To establish this connection more formally, we identify the benign state with the null hypothesis σ and the adversarial state with the alternative ρ. We note that, in the Heisenberg picture, we can identify the score function y of a classifier $${\mathcal{A}}$$ with a POVM $${\{{{{\Pi }}}_{k}\}}_{k}$$. For $${k}_{{\rm{A}}}={\mathcal{A}}(\sigma )$$, the operator $${\mathbb{1}}-{{{\Pi }}}_{{k}_{{\rm{A}}}}$$ (and thus the classifier $${\mathcal{A}}$$) can be viewed as a hypothesis test discriminating between σ and ρ. Notice that, for pA [0, 1] with $${{\bf{y}}}_{{k}_{{\rm{A}}}}(\sigma )={\rm{Tr}}\left[{{{\Pi }}}_{{k}_{{\rm{A}}}}\sigma \right]\ge {p}_{{\rm{A}}}$$, the operator $${{\mathbb{1}}}_{d}-{{{\Pi }}}_{{k}_{{\rm{A}}}}$$ is feasible for the SDP $${\beta }_{1-{p}_{{\rm{A}}}}^{* }(\sigma ,\ \rho )$$ in (3) and hence

$${{\bf{y}}}_{{k}_{{\rm{A}}}}(\rho )=\beta ({{\mathbb{1}}}_{d}-{{{\Pi }}}_{{k}_{{\rm{A}}}};\ \rho )\ge {\beta }_{1-{p}_{{\rm{A}}}}^{* }(\sigma ,\ \rho ).$$
(8)

Thus, it is guaranteed that $${k}_{{\rm{A}}}={\mathcal{A}}(\rho )$$ for any ρ with $${\beta }_{1-{p}_{{\rm{A}}}}^{* }(\sigma ,\ \rho )\,>\,1/2$$. The following theorem makes this reasoning concise and extends to the setting where the probability of measuring the second most likely class is upper-bounded by pB.

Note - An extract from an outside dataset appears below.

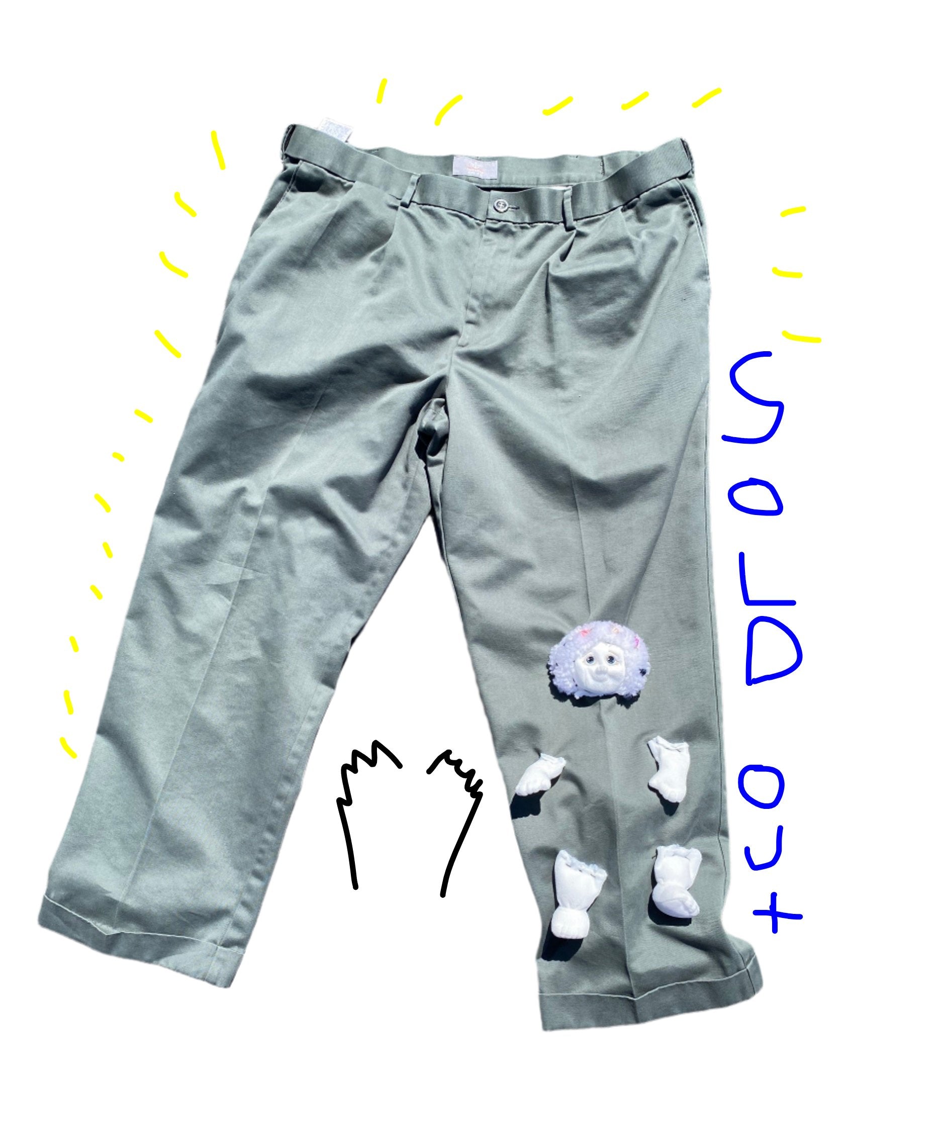 Designed by Mac using a thrifted angel doll and hand sewing it on some nice PANTS !
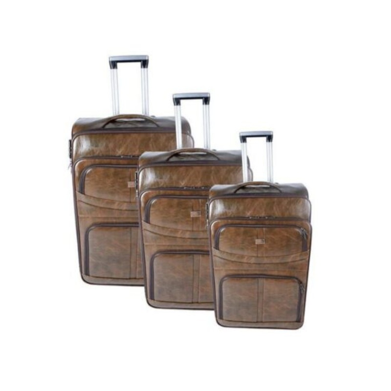 TEEXQYqzILaupAcesa Classy Luggage Set of 3 PU Leather Travel Suitcase Set Brown

Theorem 1 (QHT robustness bound) Let $$\sigma ,\ \rho \in {\mathcal{S}}({\mathcal{H}})$$ be benign and adversarial quantum states and let $${\mathcal{A}}$$ be a quantum classifier with score function y. Suppose that for $${k}_{{\rm{A}}}\in {\mathcal{C}}$$ and pA, pB [0, 1], the score function y satisfies

$${{\bf{y}}}_{{k}_{{\rm{A}}}}(\sigma )\ge {p}_{{\rm{A}}}\,>\,{p}_{{\rm{B}}}\ge \mathop{\max }\limits_{k\ne {k}_{{\rm{A}}}}{{\bf{y}}}_{k}(\sigma ).$$
(9)

Then, it is guaranteed that $${\mathcal{A}}(\rho )={\mathcal{A}}(\sigma )$$ for any ρ with

$${\beta }_{1-{p}_{{\rm{A}}}}^{* }(\sigma ,\ \rho )+{\beta }_{{p}_{{\rm{B}}}}^{* }(\sigma ,\ \rho )\,>\,1$$
(10)

To get some more intuition of Theorem 1, we first note that for pB = 1 − pA, the robustness condition (10) simplifies to

$${\beta }_{1-{p}_{{\rm{A}}}}^{* }(\sigma ,\ \rho )\,>\,1/2$$
(11)

with this, the relation between QHT and robustness becomes more evident: if the optimal hypothesis test performs poorly when discriminating the two states, then a classifier will predict both states to belong to the same class. In other words, viewing a classifier as a hypothesis test between the benign input σ and the adversarial ρ, the optimality of the Helstrom operators implies that the classifier y is a worse discriminator and will also not distinguish the states, or, phrased differently, it is robust. This result formalizes the intuitive connection between QHT and robustness of quantum classifiers. While the former is concerned with finding operators that are optimal for discriminating two states, the latter is concerned with finding conditions on states for which a classifier does not discriminate.

#### Optimality

The robustness condition (10) from QHT is provably optimal in the regime of pA + pB = 1, which covers binary classifications in full generality and multiclass classification where the most likely class is measured with probability larger than $${p}_{{\rm{A}}}\,>\,\frac{1}{2}$$. The robustness condition is tight in the sense that, whenever condition (10) is violated, then there exists a classifier $${{\mathcal{A}}}^{\star }$$ that is consistent with the class probabilities (9) on the benign input but that will classify the adversarial input differently from the benign input. The following theorem demonstrates this notion of tightness by explicitly constructing the worst-case classifier $${{\mathcal{A}}}^{\star }$$.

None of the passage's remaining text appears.